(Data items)
--------

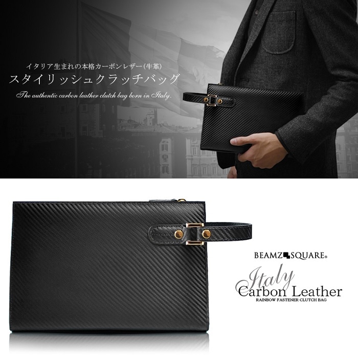 BEAMZSQUARE セカンドバッグ イタリアンカーボンレザー(牛革) BS-45518 ブラック | スタイリッシュなセカンドクラッチバッグ
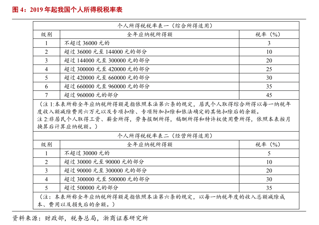作为重要的财税制度改革,我们预计房地产税大概率对第一套房不征收,采取阶梯型累进税率。在兼顾收入分配和调控房价的角色下,上述举措充分发挥房产税差别税率的作用,对购买第二套房以上的购房者可以适当提高房产税率,一方面可以增加购房者继续购买二套房以上的成本,抑制投机性需求;另外一方面,施行这种累进式的税率制度也可以充分发挥其收入再分配的作用。在这种情况下,仅能买得起一套房的中产阶级只需要交少部分税,而愿意并且有能力购买二套房以上的富人需要交更多的税,差别税率起到了调节收入分配、缩小贫富差距的作用。
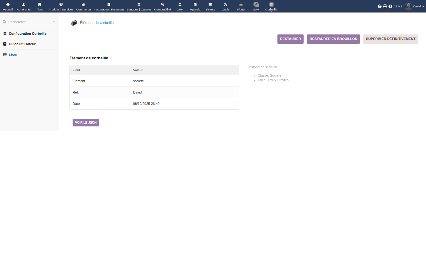 Gestiona elementos eliminados en Dolibarr: restaura, elimina de forma permanente y registra con seguridad.
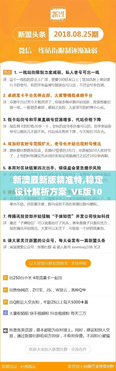 在数字化浪潮中,随着创新和技术的飞速发展,各行各业面临着不断变化的市场环境,特殊领域如精准技术行业更是如此,为了紧跟市场步伐,企业必须保持敏锐的市场嗅觉和技术前瞻性,本文将深入探讨“新澳最新版精准特”这一行业尖端的技术解决方案,其版本为稳定设计解析方案_VE版10.434,本文将详细解析这一新版本的特点与价值,旨在为潜在的使用者和投资者提供全面的信息。
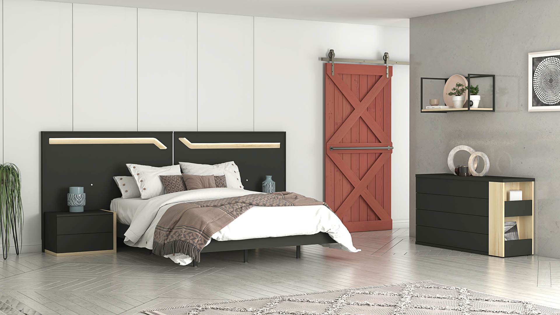 The Calida Bedroom Collection by Modekraft, available at Euro Elite Furniture, is a modern European bedroom set designed for elegant living and everyday comfort. Featuring a rich Pizarra finish with warm Haya Gala accents, Calida delivers a refined, contemporary look that fits both luxury and modern interiors.
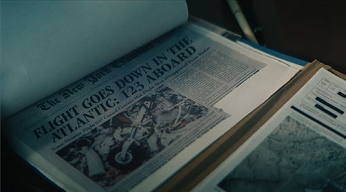 | The New York Examiner Newspaper headline about the crash of Trans-Oceanic Flight 37 that Marie and Jordan find in Dean Shetty's office: Flight Goes Down in the Atlantic - 123 Aboard.
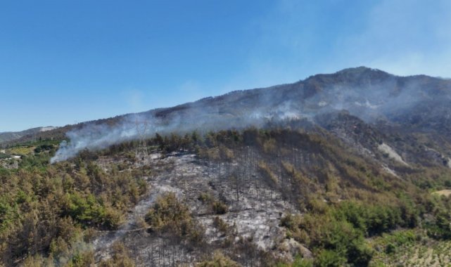 Hatay'da orman yangının etkili olduğu bölge havadan görüntülendi
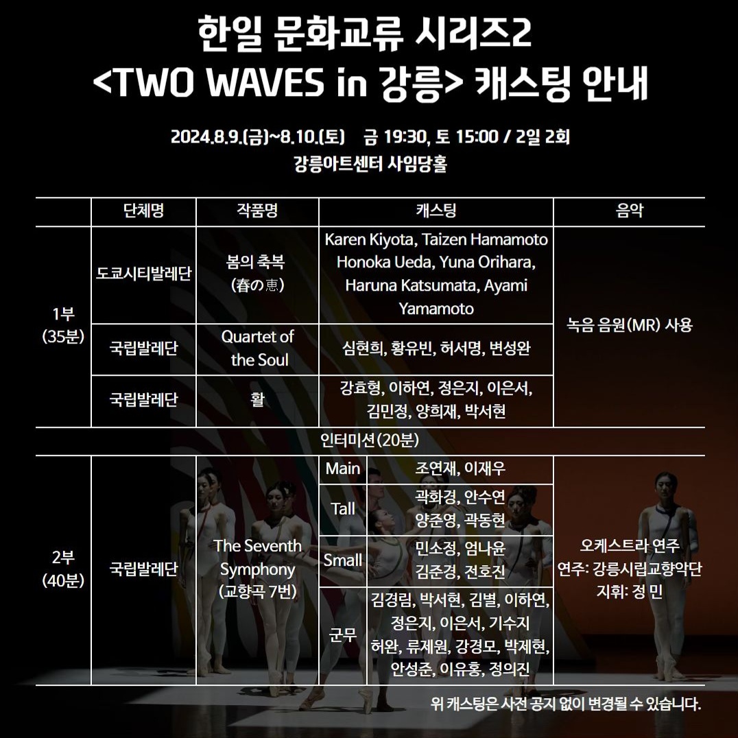 한일 문화교류 시리즈2 캐스팅 안내 2024-07-11 한일 문화교류 시리즈2 <TWO WAVES in 강릉> 의 캐스팅을 안내드립니다. 관객 여러분의 많은 성원 부탁드립니다.
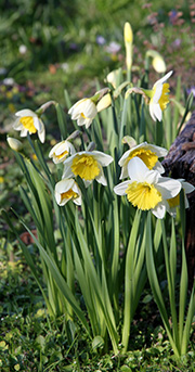 Lige nu springer påskeliljerne ud – mindst tre uger senere end normalt. For håbentlig får vi lidt mere glæde ud af dem, end de yndige blå krokus, der lige var nået at komme i flot blomstring samtidig med, at vi i sidste uge havde tre sommerlige forårsdage, som nærmest fik dem til at visne fra dag til dag. Vi venter stadig på de første blomstrende tulipaner, på den gule gemserod, vibeæg og alt det andet, som plejer at blomstre lige nu. Kærmindesøster og lungeurt er dog nu på vej.
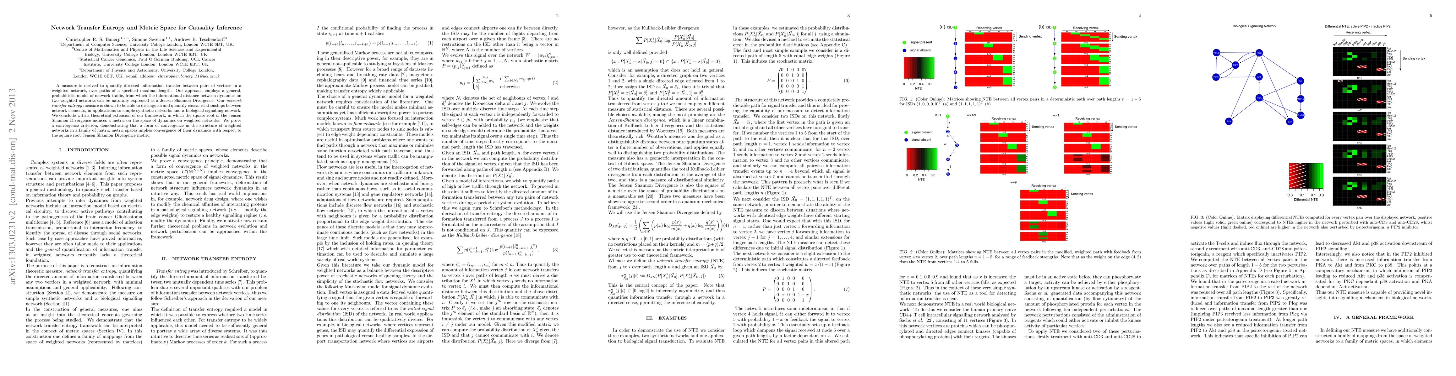 A measure is derived to quantify directed information transfer between pairs of vertices in a weighted network, over paths of a specified maximal length. Our approach employs a general, probabilistic model of network traffic, from which the informational distance between dynamics on two weighted networks can be naturally expressed as a Jensen Shannon Divergence (JSD). Our network transfer entropy measure is shown to be able to distinguish and quantify causal relationships between network elements, in applications to simple synthetic networks and a biological signalling network. We conclude with a theoretical extension of our framework, in which the square root of the JSD induces a metric on the space of dynamics on weighted networks. We prove a convergence criterion, demonstrating that a form of convergence in the structure of weighted networks in a family of matrix metric spaces implies convergence of their dynamics with respect to the square root JSD metric.

--------

A word-for-word copy of the entries above is what is needed, without any images.

 BEAMZSQUARE セカンドバッグ イタリアンカーボンレザー(牛革) BS-45518 ブラック | スタイリッシュなセカンドクラッチバッグ
作为重要的财税制度改革,我们预计房地产税大概率对第一套房不征收,采取阶梯型累进税率。在兼顾收入分配和调控房价的角色下,上述举措充分发挥房产税差别税率的作用,对购买第二套房以上的购房者可以适当提高房产税率,一方面可以增加购房者继续购买二套房以上的成本,抑制投机性需求;另外一方面,施行这种累进式的税率制度也可以充分发挥其收入再分配的作用。在这种情况下,仅能买得起一套房的中产阶级只需要交少部分税,而愿意并且有能力购买二套房以上的富人需要交更多的税,差别税率起到了调节收入分配、缩小贫富差距的作用。
 Gestiona elementos eliminados en Dolibarr: restaura, elimina de forma permanente y registra con seguridad.
 在数字化浪潮中,随着创新和技术的飞速发展,各行各业面临着不断变化的市场环境,特殊领域如精准技术行业更是如此,为了紧跟市场步伐,企业必须保持敏锐的市场嗅觉和技术前瞻性,本文将深入探讨“新澳最新版精准特”这一行业尖端的技术解决方案,其版本为稳定设计解析方案_VE版10.434,本文将详细解析这一新版本的特点与价值,旨在为潜在的使用者和投资者提供全面的信息。
 The Calida Bedroom Collection by Modekraft, available at Euro Elite Furniture, is a modern European bedroom set designed for elegant living and everyday comfort. Featuring a rich Pizarra finish with warm Haya Gala accents, Calida delivers a refined, contemporary look that fits both luxury and modern interiors.
 | The New York Examiner Newspaper headline about the crash of Trans-Oceanic Flight 37 that Marie and Jordan find in Dean Shetty's office: Flight Goes Down in the Atlantic - 123 Aboard.
 Hatay'da orman yangının etkili olduğu bölge havadan görüntülendi
 한일 문화교류 시리즈2 캐스팅 안내 2024-07-11 한일 문화교류 시리즈2 <TWO WAVES in 강릉> 의 캐스팅을 안내드립니다. 관객 여러분의 많은 성원 부탁드립니다.
 Lige nu springer påskeliljerne ud – mindst tre uger senere end normalt. For håbentlig får vi lidt mere glæde ud af dem, end de yndige blå krokus, der lige var nået at komme i flot blomstring samtidig med, at vi i sidste uge havde tre sommerlige forårsdage, som nærmest fik dem til at visne fra dag til dag. Vi venter stadig på de første blomstrende tulipaner, på den gule gemserod, vibeæg og alt det andet, som plejer at blomstre lige nu. Kærmindesøster og lungeurt er dog nu på vej.
 A measure is derived to quantify directed information transfer between pairs of vertices in a weighted network, over paths of a specified maximal length. Our approach employs a general, probabilistic model of network traffic, from which the informational distance between dynamics on two weighted networks can be naturally expressed as a Jensen Shannon Divergence (JSD). Our network transfer entropy measure is shown to be able to distinguish and quantify causal relationships between network elements, in applications to simple synthetic networks and a biological signalling network. We conclude with a theoretical extension of our framework, in which the square root of the JSD induces a metric on the space of dynamics on weighted networks. We prove a convergence criterion, demonstrating that a form of convergence in the structure of weighted networks in a family of matrix metric spaces implies convergence of their dynamics with respect to the square root JSD metric.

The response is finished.